El Chancellor (ilustrado)
Capítulo L
Página 55 de 67
L
22 y 23 de enero: Ya no quedamos más que once a bordo, y ahora me parece imposible que cada día no cuente con una nueva víctima. El final de este drama, sea cual sea, se acerca. Si antes de ocho días no hemos alcanzado tierra ni un navío lleva a cabo el salvamento de los náufragos, el último superviviente del Chancellor habrá dejado de existir.
El 23 ha cambiado el aspecto del cielo. La brisa ha refrescado notablemente. Durante la noche, el viento ha halado del nordeste. La vela de la balsa se ha hinchado, y una estela bastante pronunciada indica que se desplaza sensiblemente. El capitán evalúa este desplazamiento en tres nudos.
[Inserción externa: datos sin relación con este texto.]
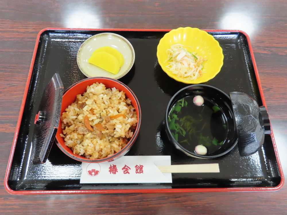 ○とりめし定食 梅とりめし、小鉢、吸い物、漬物椿大神社名物のとりめし。椿大神社の椿会館の中にある食事処。椿大神社の名物、とりめしが食べられる。早速いただいたとりめしは醤油で味付けしたご飯に鶏肉、ニンジン、ゴボウを混ぜ合わせたもので、見た目は福岡県のかしわ飯に近いが、味はそちらと比べるとやや濃いめといったところ。とりめしは先代宮司の夫人が遠くから参拝してきた参拝者をおもてなしする為に作ったのが始まりなんだそうで、素朴ながらやさしい味がした。とりめし定食は梅、竹、松から選ぶようになっており、竹だとデザートが付き、松だと刺身も付く。メニューは他に茶そば、天ぷら、湯豆腐などがある。椿会館にある売店では「椿とりめし折」として弁当での販売もされている。↓ランキング参加中。この記事が良いと思った方はクリックしてねにほんブログ村

Robert Kurtis y el ingeniero Falsten son sin duda los más sanos de todos nosotros. Pese a que su delgadez sea extrema, soportan las privaciones de forma sorprendente. No sabría describir a qué extremo ha quedado reducido la pobre señorita Herbey. No es más que un alma perdida, pero un alma todavía valiente, y toda su vida parece haberse concentrado en sus ojos, que brillan extraordinariamente. ¡Ella vive en el cielo, no en la tierra!
Un hombre de tanta energía como el bosseman se encuentra ahora, sin embargo, totalmente abatido. Está irreconocible. Tiene la cabeza inclinada sobre el pecho, sus largas manos huesudas posadas sobre sus rodillas, cuyas agudas rótulas sobresalen bajo el raído pantalón; está siempre sentado en un ángulo de la balsa, sin levantar nunca la vista. Contrariamente a la señorita Herbey, no vive más que para su cuerpo, y su inmovilidad es tal, que a veces imagino que ha dejado de existir.
Ya no se oyen palabras en la balsa, ni siquiera gemidos. Hay un silencio absoluto. No se intercambian ni diez palabras cada día. Además las pocas palabras que nuestras lenguas, nuestros labios tumefactos y endurecidos podrían pronunciar serían absolutamente ininteligibles. ¡La balsa no transporta más que espectros macilentos, exangües, que ya no tienen nada de humanos!